The Scandinavian Festival is an annual four-day celebration of Scandinavian heritage in Junction City, Oregon, United States. The small city of 6,052 people hosts more than 100,000 visitors each year. In 2008, Sunset Magazine rated it one of the best in the U.S. for its emphasis on authenticity. The Oregon Heritage Tradition designation was awarded to the Scandinavian Festival in 2014.

==History==
The festival was started in 1961 by Dr. Gale Fletchall as a way to save a dying town.
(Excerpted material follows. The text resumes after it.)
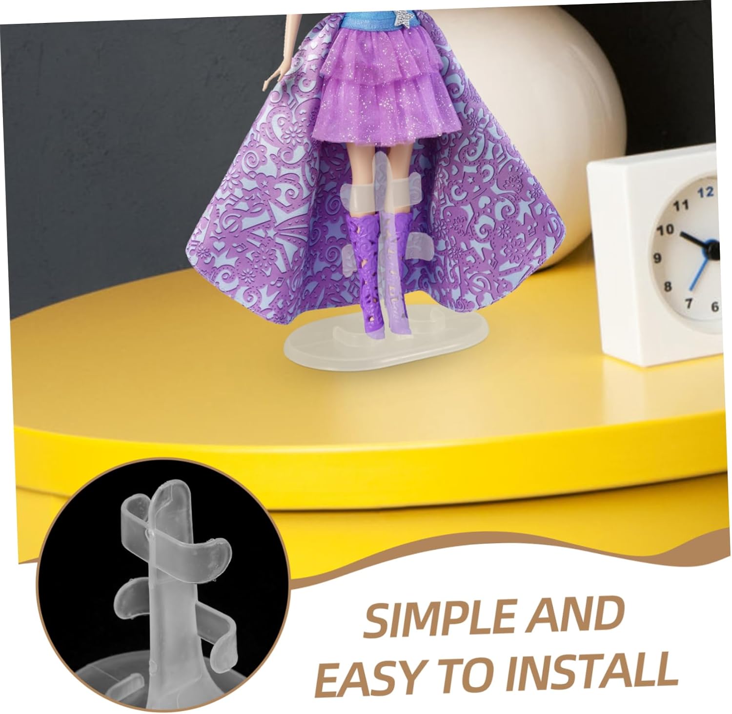 Supporto per bambole action figure: design creativo, con una base piatta e stabile per aumentare la stabilità, questo supporto può rendere le bambole adorabili e creative, supporto per bambole Telaio porta bambole: costruito con materiali plastici, questo supporto è costruito per resistere a deformazioni e deformazioni, durata e longevità, telaio di supporto per bambole Forniture per negozi di bambole: questo supporto versatile è progettato per ospitare una varietà di bambole, offrendo stabilità affidabile per tutte le tue figure da collezione, semplice portabambole Supporto per modello di bambola: l'installazione è semplice e semplice e non richiede strumenti aggiuntivi o complicate fasi di assemblaggio, supporto per display Supporto per bambole: invia il supporto per bambole come unico per i tuoi amici, a loro piacerà mostrare le loro bambole in un modo più semplice ma migliore, base per bambole all'uncinetto

Downtown businesses were closing up, as the new Interstate 5 bypassed Junction City, diverting most of the traffic going through town on Oregon Route 99. It was then that Fletchall began searching for a rallying point for community spirit. He thought a citywide celebration would be ideal, but he was stumped for a theme. He considered and discarded several possibilities before settling on the most obvious, a celebration of the city's very real but very dormant Scandinavian heritage. He talked the idea over with older Danish-American residents, and then secured financial backing from the chamber of commerce in May 1961. The first community classes in Scandinavian dancing and singing were organized a few weeks later, and church and civic organizations were persuaded to operate food and craft booths. In August 1961 the first annual Scandinavian Festival opened in temporary booths in downtown Junction City. Fletchall expected perhaps 2,000 visitors; he got 25,000.

==Activities==
Since 1961, the city has attracted visitors nationally to the downtown area, which is transformed into an old world town for the occasion. Each day of the festival highlights a particular Scandinavian country—Denmark, Sweden, Finland, and Norway.

Costumed Vikings march down the street, authentic northern European puppet shows are traditionally themed, and colorful costumes are displayed in a fashion show. Storytellers and actors highlight Hans Christian Andersen stories, folk dancers perform and instruct, and choral and instrumental groups perform traditional pieces. There are also language classes and the Scandia Run 10 km.

Traditional Scandinavian food includes vandbakkelser (chocolate dipped yum puffs), Æbleskiver, Swedish meatballs and Lefse.